- **WHAT YOU SHOULD DO**: The copy should hold only the line containing "عاجل ... قرعت" and the lines after it through the end of the material, each exact, with no pictures.

____ TASK DATA

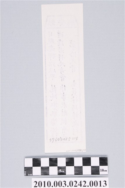 本件為木雕印版所印刷的宜蘭五結鎮安廟第拾弍首籤詩,籤詩頭刻有「鎮安廟」,下方有籤詩序號第拾弍首,內容「日照光輝路坦平,乾坤淑氣海澄清;遭逢若有此奇會,作事求財賴有成。」由生員林延祚敬刊。鎮安廟又稱二結王公廟,奉祀古公三王(柳、葉、英姓三位),1997年進行「千人移廟」所著名。一套籤的數量有36、60、100、120等等,籤詩普遍涵蓋人生面相的正負解釋,藉由解籤人或求籤人的主客觀判斷,解惑尋求化解之道,是民眾的一種心理諮商管道。
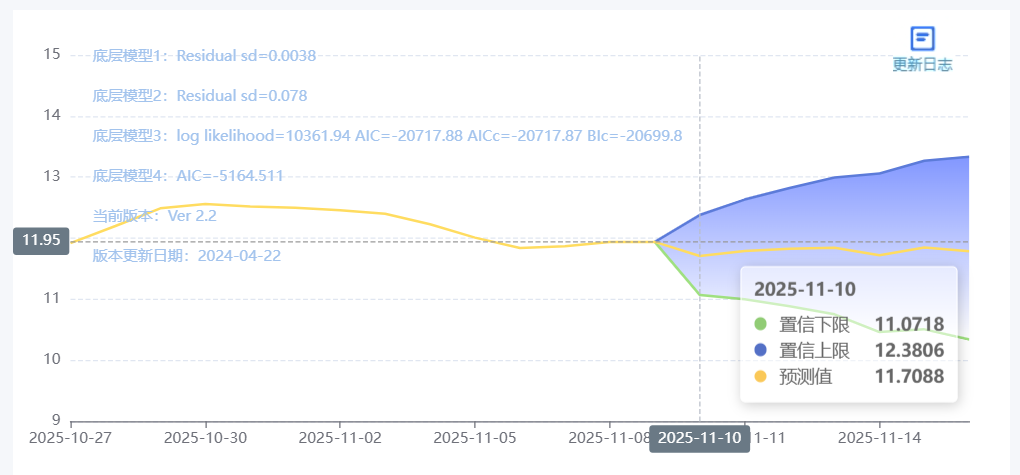 玄田算法是由项目课题组团队原创的非经典逻辑数值聚合理论和不确定性预测方法,构建了基于一致模算子的生猪价格预测模型。该模型采用的聚合函数及一致模相关理论与方法已获得多项国家自然科学基金和省级自然科学资金资助,并获得多项省级自然科学奖奖项。11月10日预测猪价为11.7088,置信区间在11.0718--12.3806之间。11月11日预测猪价为11.7927;11月12日预测猪价为11.8280。
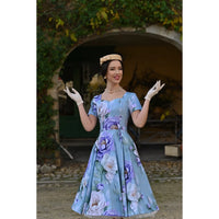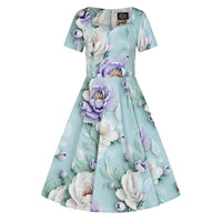 Embrace timeless elegance with this enchanting floral dress, where vintage-inspired design meets contemporary comfort. The sweetheart neckline and short sleeves frame the bodice beautifully, whilst structured panel seams create a refined silhouette that flows into a generous swing skirt—a nod to classic 1950s glamour. Painted florals in lavender, ivory, and soft green dance across a serene seafoam-mint base, evoking the romance of a spring garden. Crafted from quality cotton, this piece transitions effortlessly from garden parties to afternoon gatherings, offering the perfect balance of nostalgic charm and wearable sophistication for those who appreciate understated luxury.
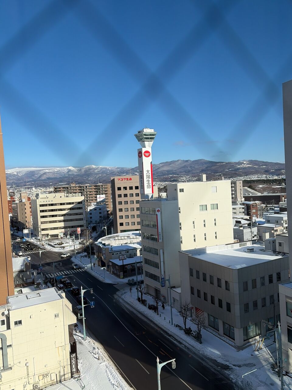 窓からの景色は五稜郭タワー。
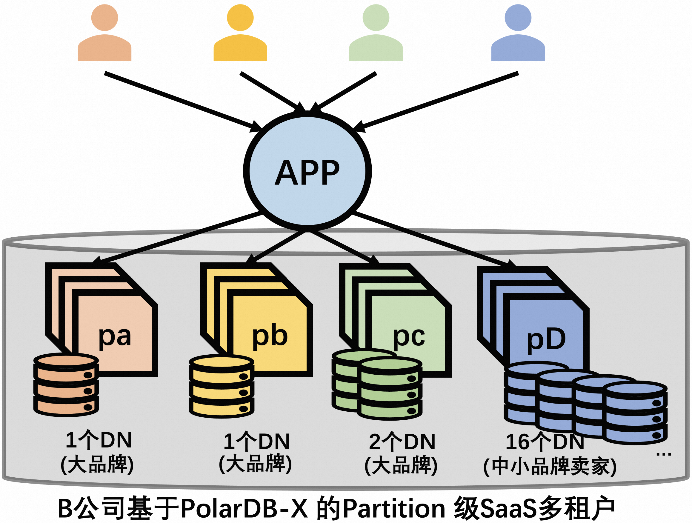 PolarDB-X 的分区表及 Locality 的 SaaS 级多租户能力,对于诸如B公司这类订单管理平台,除了能满足其对品方的数据隔离与资源隔离的诉求外,还可以为业务提供更多的数据查询的能力。
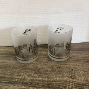 Two vintage souvenir whiskey rocks glasses featuring Universal Studios. Gold and black graphics on a frosted glass. These date to the 90s I believe.
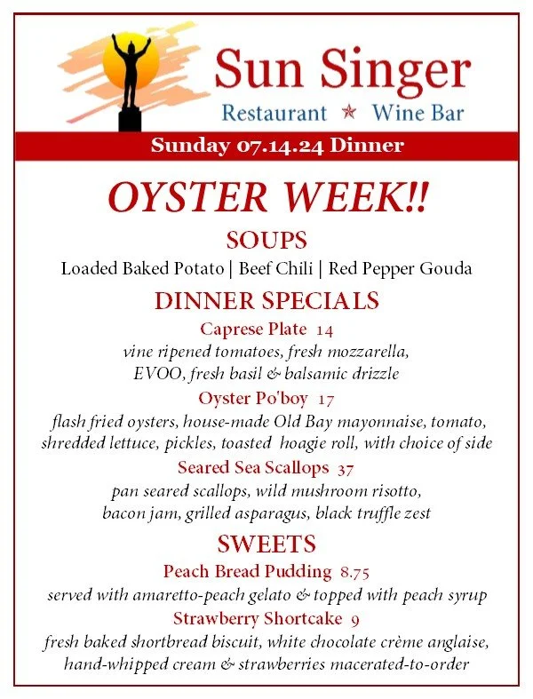 Sunday, July 14th Dinner OYSTER WEEK! FRI., JULY 12TH - Sat., july 20th LUNCH/DINNER- NEED DELIVERY? ORDER THROUGH TOAST! - Rick CarbaughJuly 14, 2024 Facebook0 Twitter Pinterest0 0 Likes
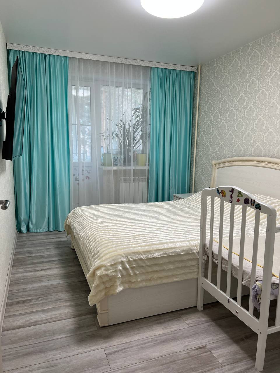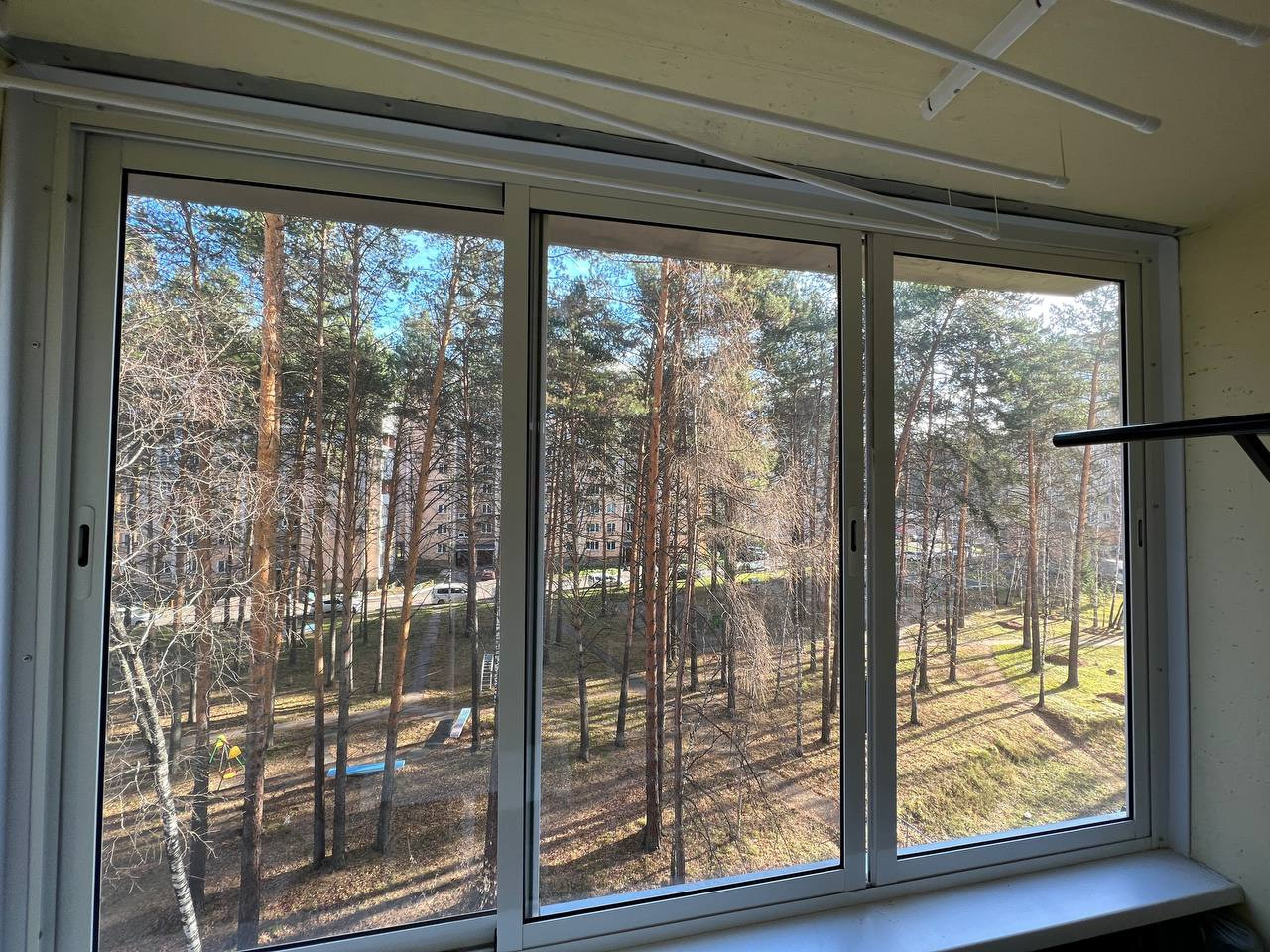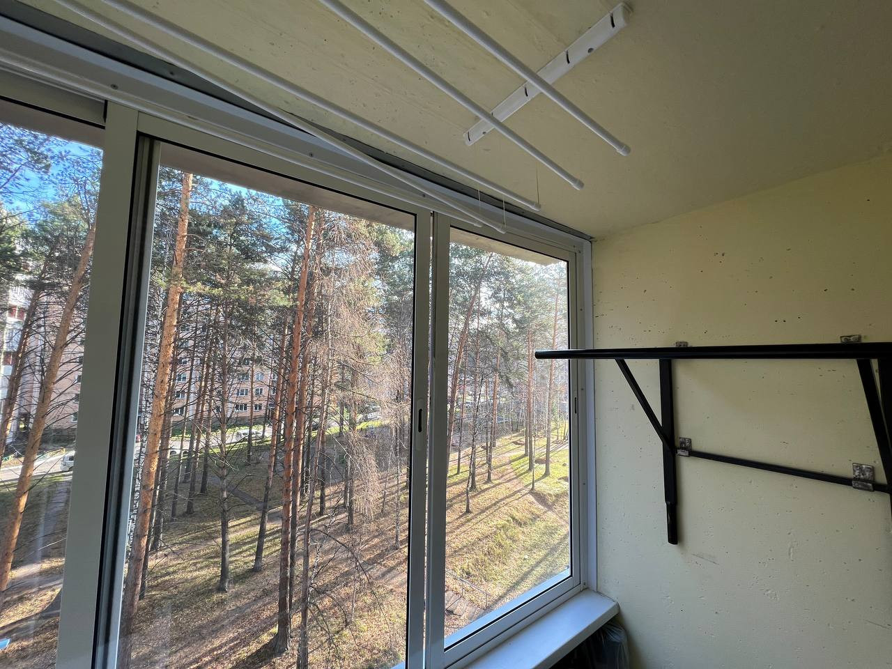 Новые окна ПВХ,балкон застеклен,с видом на лес,вдалеке от дороги и дворового подъезда. Квартира на одну сторону.
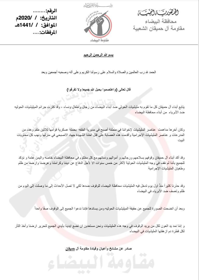 عاجل ... قرعت طبول الحرب بيان شديد اللهجة من قبيلة ال حميقان لجميع ابناء...
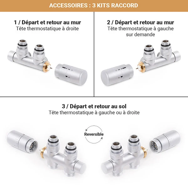 • 3 kits raccord disponibles en accessoires selon votre configuration

________

- **SOLUTION TO THIS PROBLEM**:
 عاجل ... قرعت طبول الحرب بيان شديد اللهجة من قبيلة ال حميقان لجميع ابناء...
 • 3 kits raccord disponibles en accessoires selon votre configuration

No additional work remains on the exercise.